John S. Baras

2011

Motif-based Topology Design for Effective Performance by Networks of Mobile Autonomous Vehicles

P. Hovareshti, H. Chen and J. S. Baras

Proceedings of the Eighth International Conference on Complex Systems (ICCS 2011), pp. 571-573Boston Marriott, Quincy, MA, USA, June 26 - July 1, 2011.

Abstract

Networked systems of autonomous agents have emerged in a variety of applications such as collaborative robotics, mobile sensor networks and disaster relief operations. Complex phenomena are often observed in these systems due to the large number of agents, nonlinear interactions, locality of information transmission, and changes in the connectivity of the agents. Similar to their natural counterparts, engineered autonomous agents are capable of developing emergent behaviors such as herding, collaborative decision making based on local communication. The speed of developing emergent behaviors and their robustness to agents’ failures depend on the underlying network connectivity and feasible communications. We study the interdependence of structure and behavior in a networked system of autonomous vehicles.

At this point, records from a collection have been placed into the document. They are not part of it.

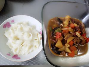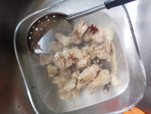 1.土豆洗干净去皮,同理,整鸡剁块后,再开水中煮一下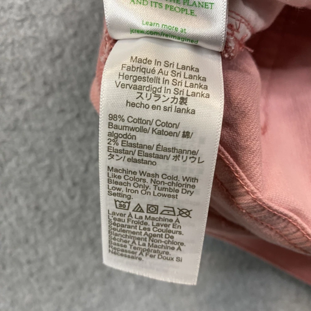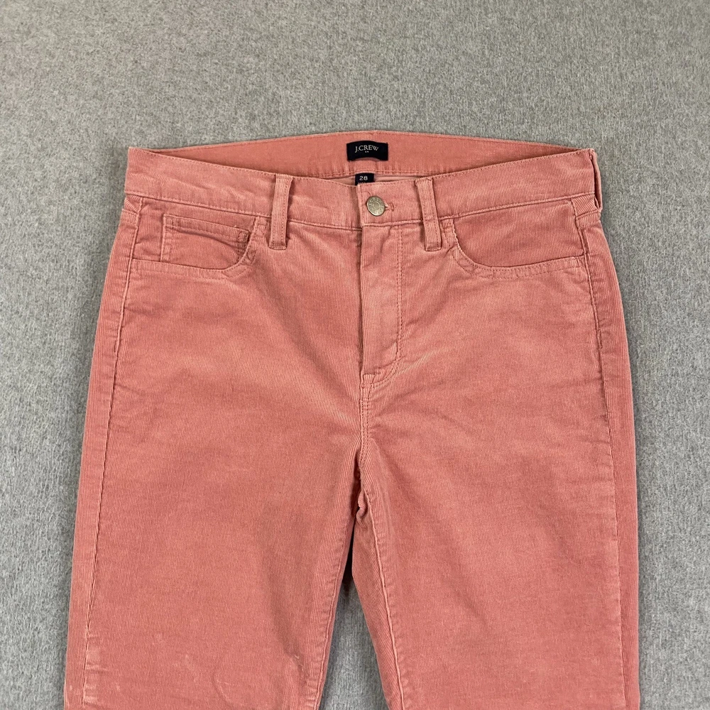 Material: Cotton, Elastane Pattern: Solid Theme: Casual, City, College, Preppy, chic, formal, mom, office, student, studentr, style, stylew, work Closure: Button Inseam: 26.5 in Garment Care: Machine Washable Features: Easy Care, Stretch Type: Pants Leg Style: Straight Waist Size: 30 in Department: Women Size Type: Regular Style: Chino Seller Notes: “Item is in used condition with no holes or stains.” Brand: J.CREW Front Type: Flat Front Fabric Type: Corduroy Fit: Slim Country/Region of Manufacture: Sri Lanka Color: Pink Occasion: Casual Vintage: No Accents: Button Size: 28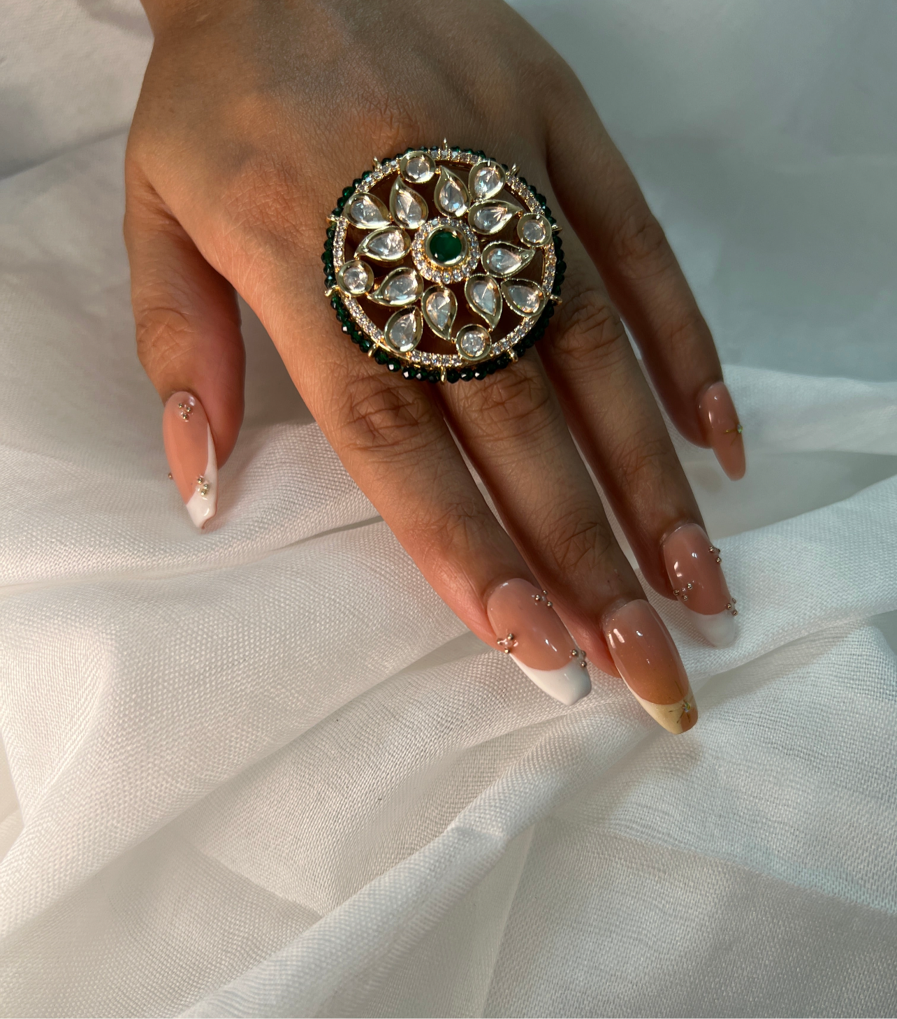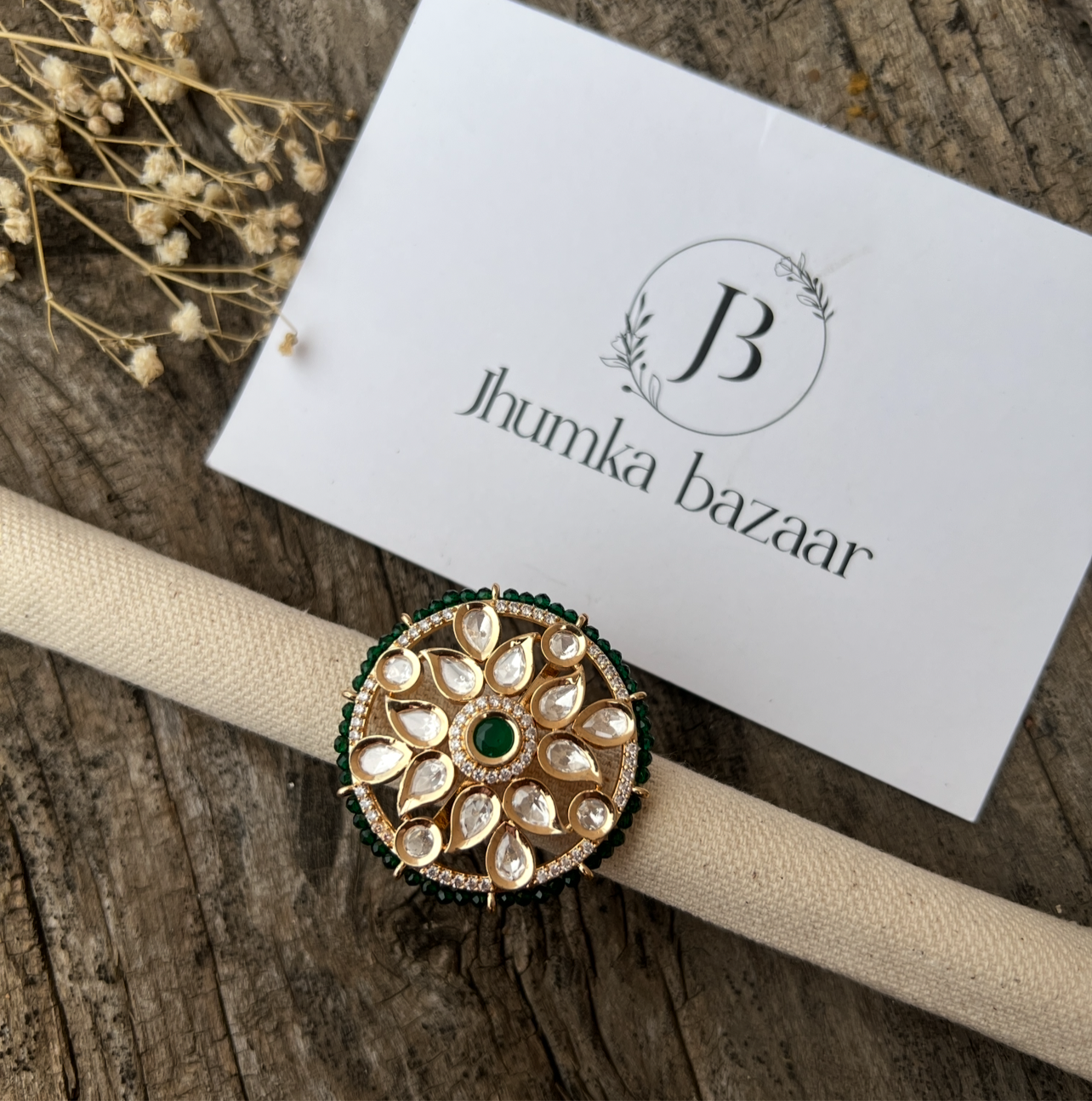Real Kundan Round Shaped Adjustable Finger Ring - Adjustable- Green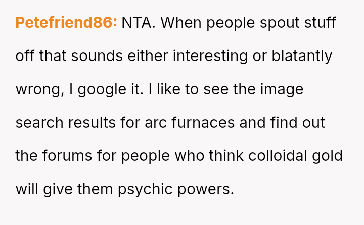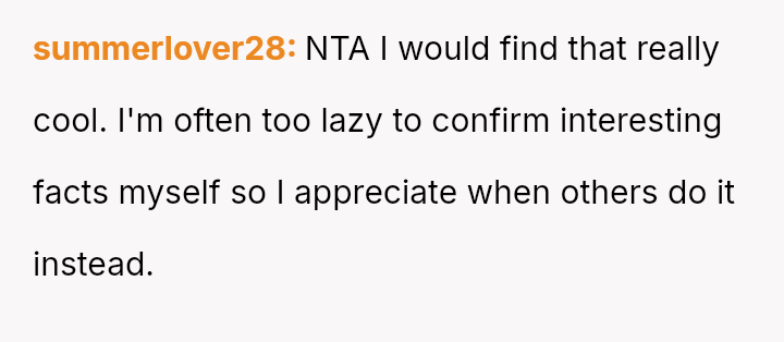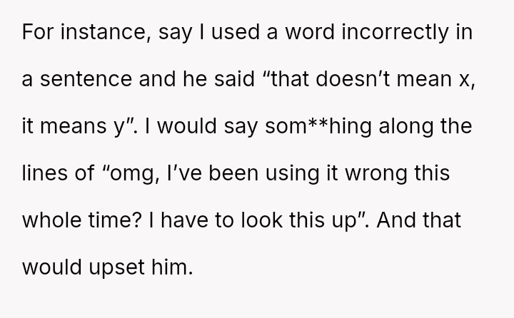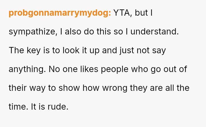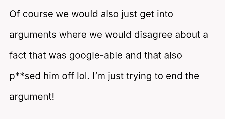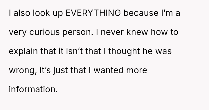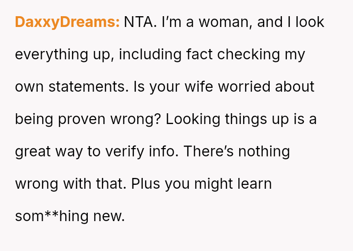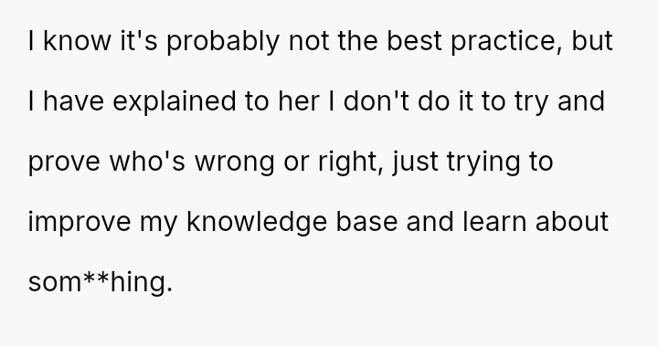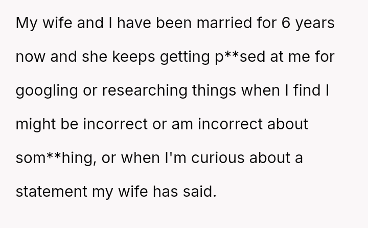 The original poster (OP) is facing conflict because his need to verify information or deepen his knowledge through searching clashes directly with his wife's perception that this action implies a lack of trust in her statements.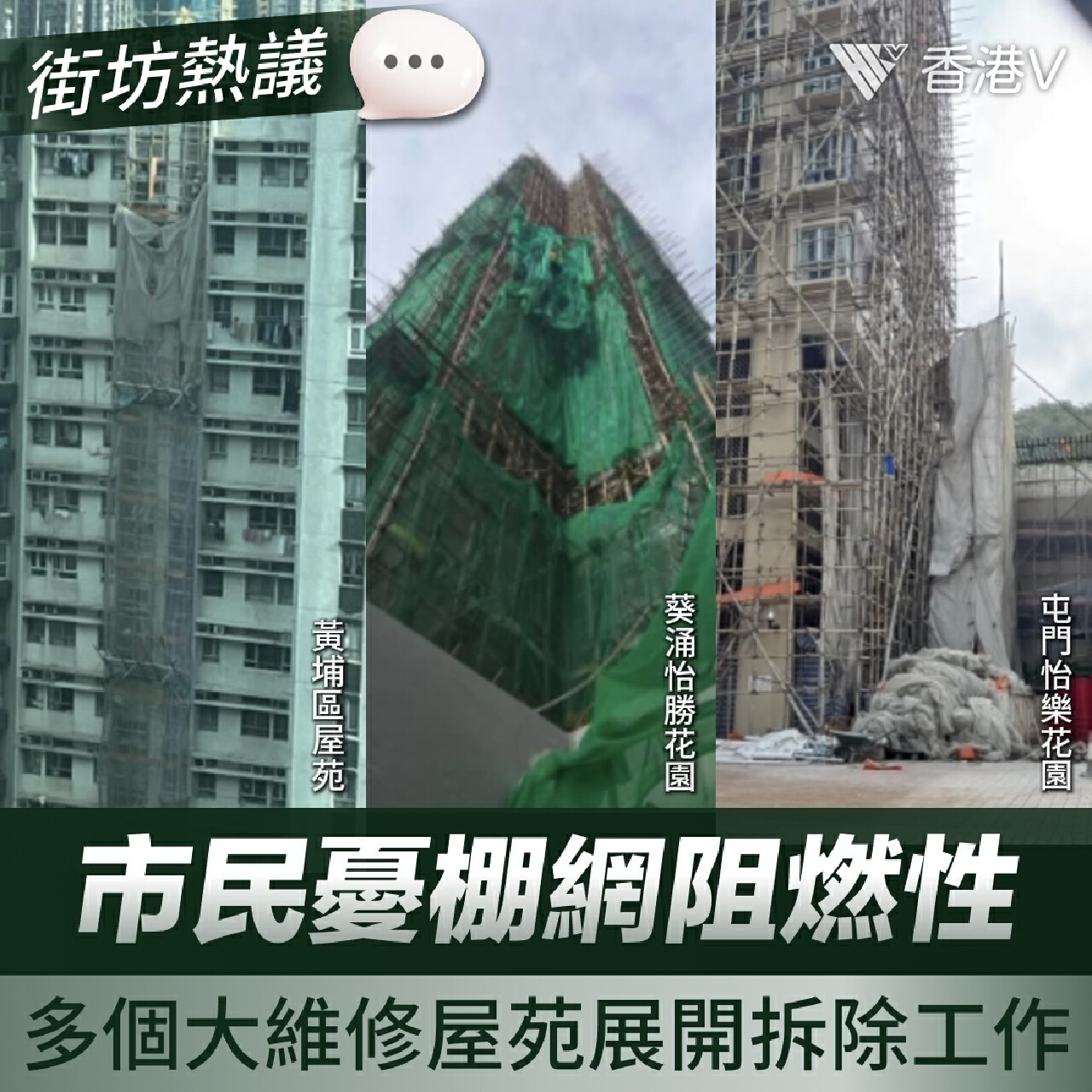 大埔宏福苑昨晚(26日)發生五級火警,為香港17年來首宗同級別大火。這次火災中,一項涉資3.3億的外牆維修工程所搭建的竹棚成為關注焦點,其棚網的阻燃性能備受質疑。有網民在社交平台透露,事件已引發連鎖反應,目前多個正進行大型維修的屋苑,如屯門怡樂花園、黃埔區屋苑及葵涌怡勝花園,正加緊拆除棚架與圍網。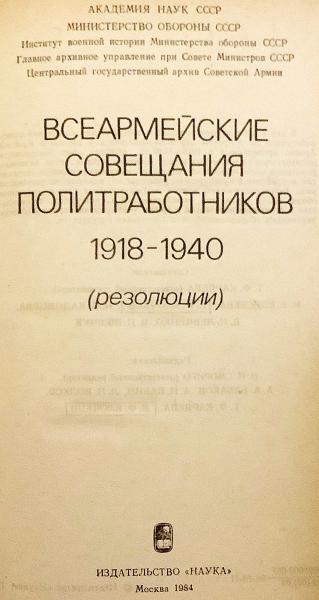 1918年から1940年にかけて開催された赤軍および艦隊の全軍政治労働者会議の決議を収録した史料集。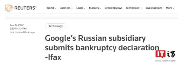 據(jù)路透社報(bào)道,今日,俄羅斯國(guó)際文傳電訊社援引法庭在線文件稱,Alphabet 旗下谷歌的俄羅斯子公司已提交破產(chǎn)聲明。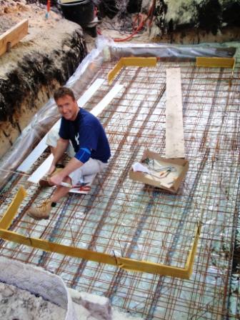 Die nächsten Tage soll die Bodenplatte geschüttet werden. Bei der Auswahl der Betons im Grundwasserbereich ist einiges zu beachten. Wie gut das man im Betonwerk kompetente Mitarbeiter findet die einen gut beraten. Wir ordern 2 cbm WU-Beton C 20/35 mit "ATON" (Fließmittel) 8 mm Körnung den man nicht mehr mit einem Flaschenrüttler verdichten muss.

We have abstracted the collaboration between the vehicles into three interconnected levels. At each point of time, three graphs describe the network of moving vehicles: a connectivity graph, a communication graph, and an action graph. The first two graphs describe the information exchange in the network whereas the action graph is specific to the particular collaborative activities that the nodes perform and determines the desired collaboration activity. We consider a challenging question: Given a preferred emergent behavior, which connectivity and communication graphs can satisfy the requirements given by the corresponding action graph?

We have considered top-down as well as bottom-up approaches to this problem. In the top-down design, an optimization framework is developed that outputs efficient topologies given a single performance metric. Given different performance metrics, graphs that satisfy a favorable trade-off are selected as the candidates for the system structure. The focus of the bottom-up approach has been to discover how local preferences and decisions will result in the emergence of real world networks with certain requirements. Motif-based topology design is proposed in this framework. The designed links are realized via low power wireless media. The lower level design addresses challenges emanating from realizing the ideal graph topologies and consists of physical layer, MAC layer and network layer constraints. In order to design realistic and efficient networks, we have considered the interdependence of these two levels of design and develop a framework to capture the design requirements effectively.

To design efficient local connectivity patterns, we have used the idea of network motifs, which was first proposed in the context of biological networks. Network motifs are task specific local connectivity patterns, which exist with much higher frequency in real biological networks compared to those in random networks. These are sub-networks of low number of nodes (usually 3-4) whose persistence in networks performing similar tasks in different contexts, imply their efficiency in the sense that they optimize certain performance metric in a local scale. We use a simulation test bed to find network motifs for local level communication structures in a collaborative vehicles framework. Here, the group mission consists of several tasks that the agents participate in. The tasks include search operation, data gathering/processing, target finding and leader follower explorations. Each task gives rise to certain motifs that are specific to that task and the partial knowledge of the environment specifications that the agents operate in. In this way, given the subtasks that are necessary for the mission accomplishment, the most efficient task-specific local topologies are extracted. Switching suitable graphs when the mode of operation is changing can be handled by solving the resulting reachability problem using methods for symbolic planning such as graph grammars. Based on such switching, we also address the effects of split/merge operations on the spectral characteristics of the resulting connectivity graphs.